### TASK REQUIREMENTS
What you write should match, word for word, the lines from the one containing "Mały, skórzany portfel" through the end of the data, with no pictures.

### DATA SEGMENT
--- START ---

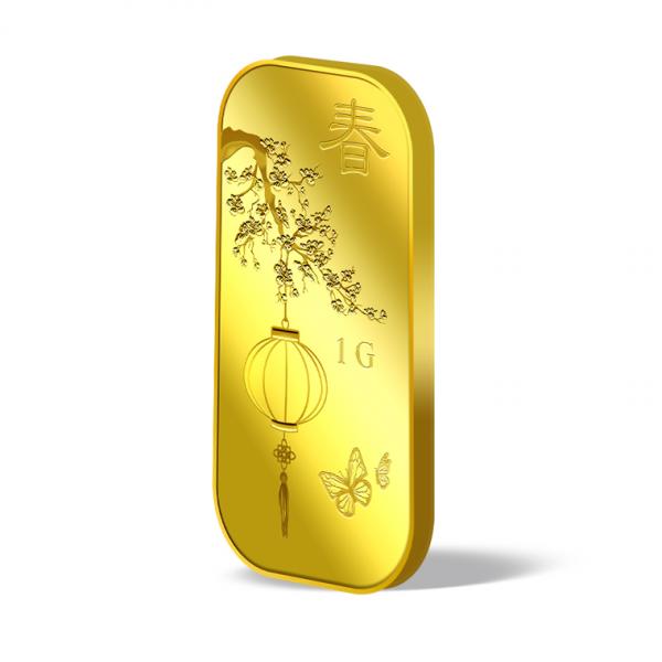 The image is embossed on a 1 gram 999.9 fine gold bar.
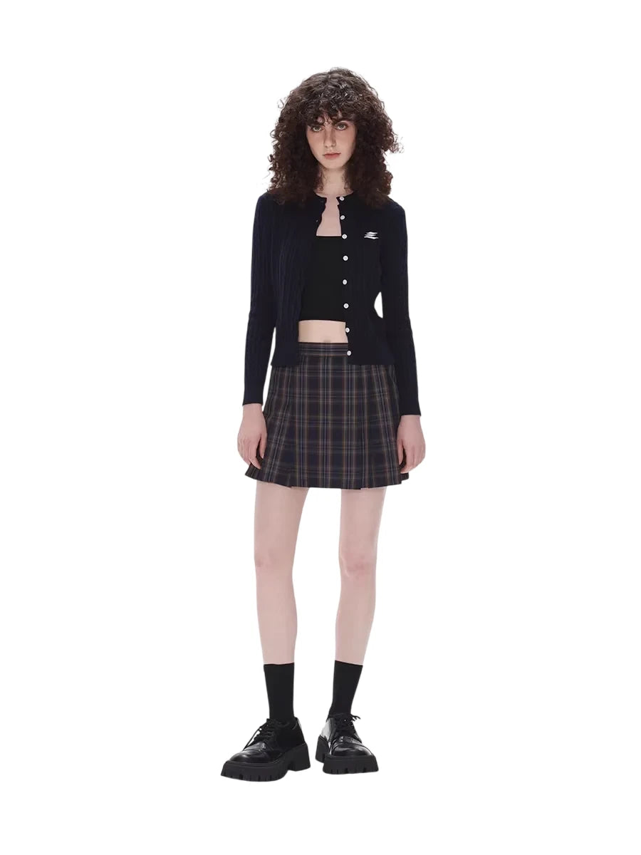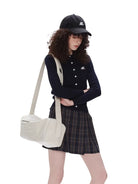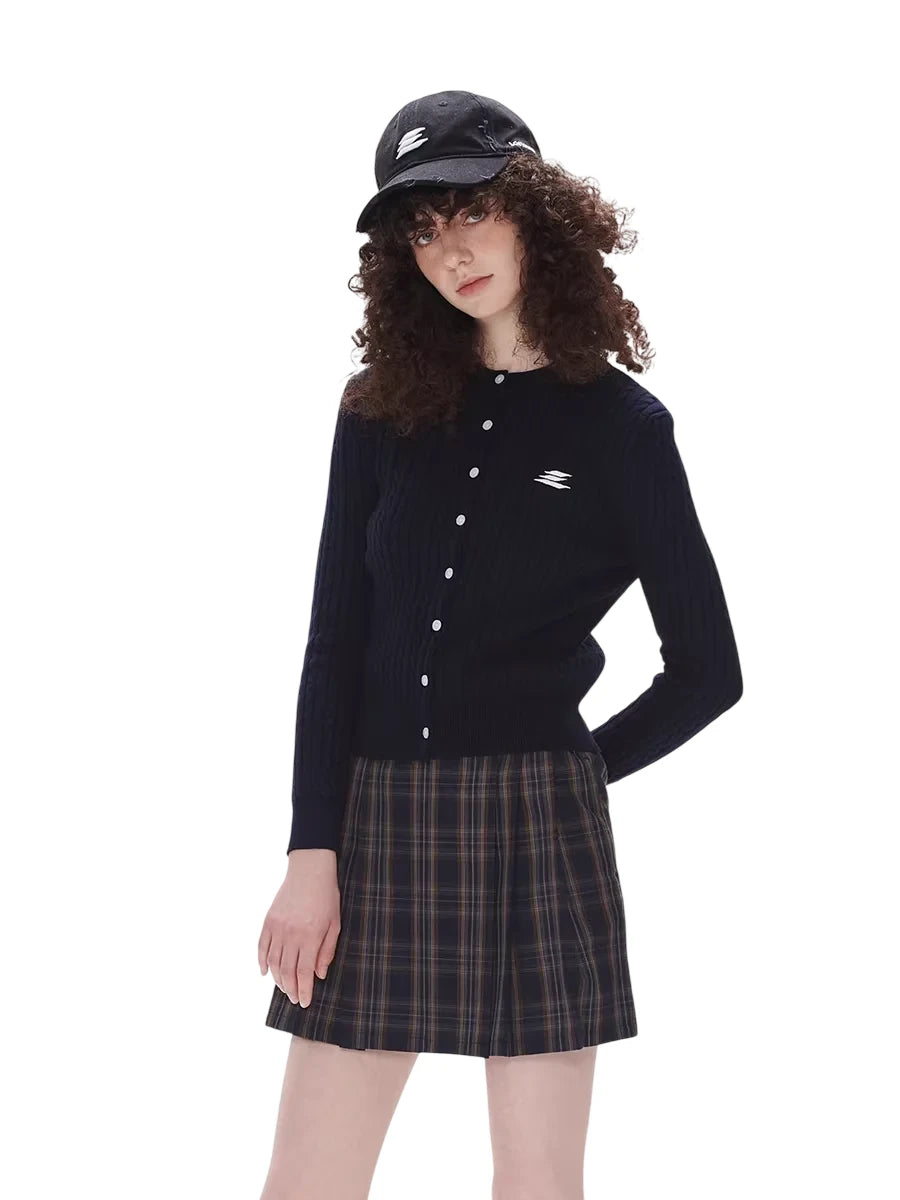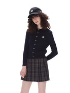 Stay cozy and stylish with this women's slim fit cotton cardigan, perfect for autumn layering. Featuring a classic button-down front, long sleeves, and ribbed knit texture, this short cardigan is both comfortable and flattering. The subtle white embroidered logo on the chest adds a refined detail, while the dark navy tone offers versatile wear. Ideal for pairing with skirts or pants for a chic, seasonal look.
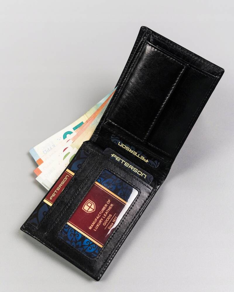 Mały, skórzany portfel bez zapięcia zewnętrznego – Peterson
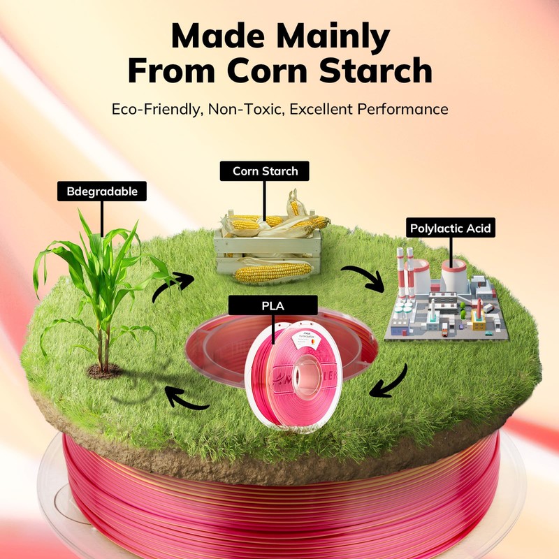 - Achieve flawless prints with shiny silk dual color PLA filament, engineered for ease of use and exceptional precision

--- END ---

### THE ANSWER
 Mały, skórzany portfel bez zapięcia zewnętrznego – Peterson
 - Achieve flawless prints with shiny silk dual color PLA filament, engineered for ease of use and exceptional precision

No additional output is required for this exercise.